Brent crude (LCOC1), an international benchmark, fell by around 4 percent Tuesday, reaching a low of $44.40 at around 10:30 p.m., as Trump’s lead in the electoral vote count solidified. Ahead of market close Wednesday, it had risen to $46.34—a few cents below Tuesday’s high. U.S. crude (CLC1) took a dramatic dive between Tuesday evening and midnight when it fell about 4 percent to a low of $43.35, before rising to a high of $45.95 by Wednesday afternoon.
“There’s a euphoria in the market and people are buying,” Mark Waggoner, president of the commodities brokerage Excel Futures, told the Wall Street Journal Wednesday. “People were sitting on the sidelines and are now jumping in.”
But what did Trump winning the highest U.S. government office have to do with the price of oil? And if the likelihood of his presidency caused oil futures to drop, why did prices surge after Trump’s acceptance speech Wednesday?
The rapid-fire zigzag in prices, while related to the shock and uncertainty surrounding what was widely considered an upset in the presidential election, is also a consequence of the sector’s lack of knowledge as far as what changes Trump will bring to the oil industry.
“Trump’s energy-related policies are probably not even known in detail to the president-elect himself—much less knowable by anyone else,” Reuters senior market analyst John Kemp, who specializes in commodities and energy, wrote Wednesday. “In contrast to his rival Hillary Clinton, who conducted a classic programmatic campaign, accompanied by highly detailed energy policies, Trump mounted a values-based campaign, with few detailed commitments.”
Indeed, Trump’s campaign site promises the president-elect will “reduce all barriers to responsible energy production,” “declare American energy dominance,” make the U.S. “totally independent” from the Organization of Petroleum Exporting Countries (OPEC) and “create millions of new jobs” while “protect[ing] clean air and clean water.”

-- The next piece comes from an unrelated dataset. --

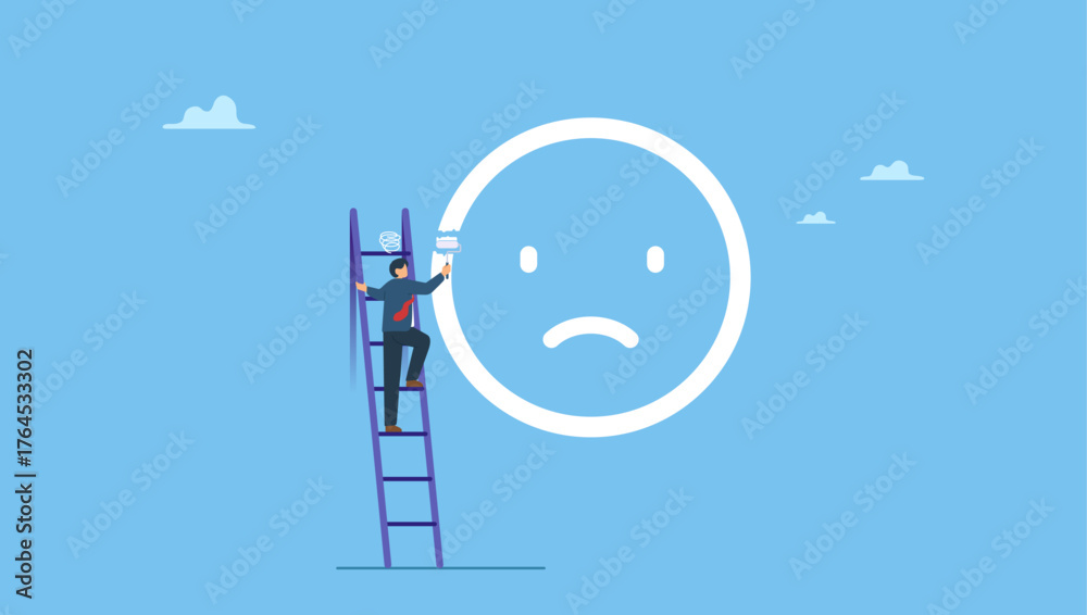 Samolepka Young man painting dissatisfied face on the wall mad anger emotion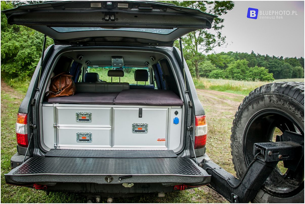 Land Cruiser 100 ma bardzo obszerne wnętrze, które znakomicie nadaje się do przystosowania do celów noclegowych. Pomysłodawcy projektu również zadeklarowani takie użycie auta. Do bagażnika trafiły więc szuflady wykonane przez firmę Auto-meble.pl. Po złożeniu tylnej kanapy w aucie można uzyskać płaską przestrzeń z materacem, bardzo wygodna do noclegu dla 2 osób.

If Trump were to support a massive energy production escalation—his site pledges to “unleash” America’s natural energy resources—the ballooning supply would be sure to drive down prices, perhaps much lower than Tuesday night’s levels, which would be problematic for American oil and gas companies already reporting sagging growth numbers. It would also counteract OPEC’s plans to gouge prices by colluding to trim the cartel’s supply at a meeting at the end of November.
And that’s not the only way Trump could cause an oil supply explosion, as CNBC’s Stephen Sedgwick pointed out in a Wednesday op-ed. Though he has long condemned the Iran nuclear deal, and therefore could stymie foreign investment in the country’s energy sector, he is also friendly with Russia, and therefore likely to alleviate energy industry sanctions against the Kremlin.
So that may explain the price collapse on Tuesday night, but what about Wednesday’s rally?
Another element of Trump’s relatively vague energy plan involves aggressive deregulation of the oil and gas industry, which means more money for Big Oil to funnel into other areas, such as exploration and capital budgets, which have suffered from major cost cuts this year. Still, oil industry restrictions put in place by outgoing president Barack Obama’s administration can’t be undone overnight.
But Trump is also not the only factor influencing the price of oil. In its report for the week ending Nov. 4, the U.S. Energy Information Administration announced that U.S. commercial crude oil inventories rose by 2.4 million barrels over the previous week ending Oct. 28.
Still, the report affected prices only modestly, analysts told Reuters Wednesday, a sign that much of the industry’s murky future remains sensitive to the decisions of president-elect Trump.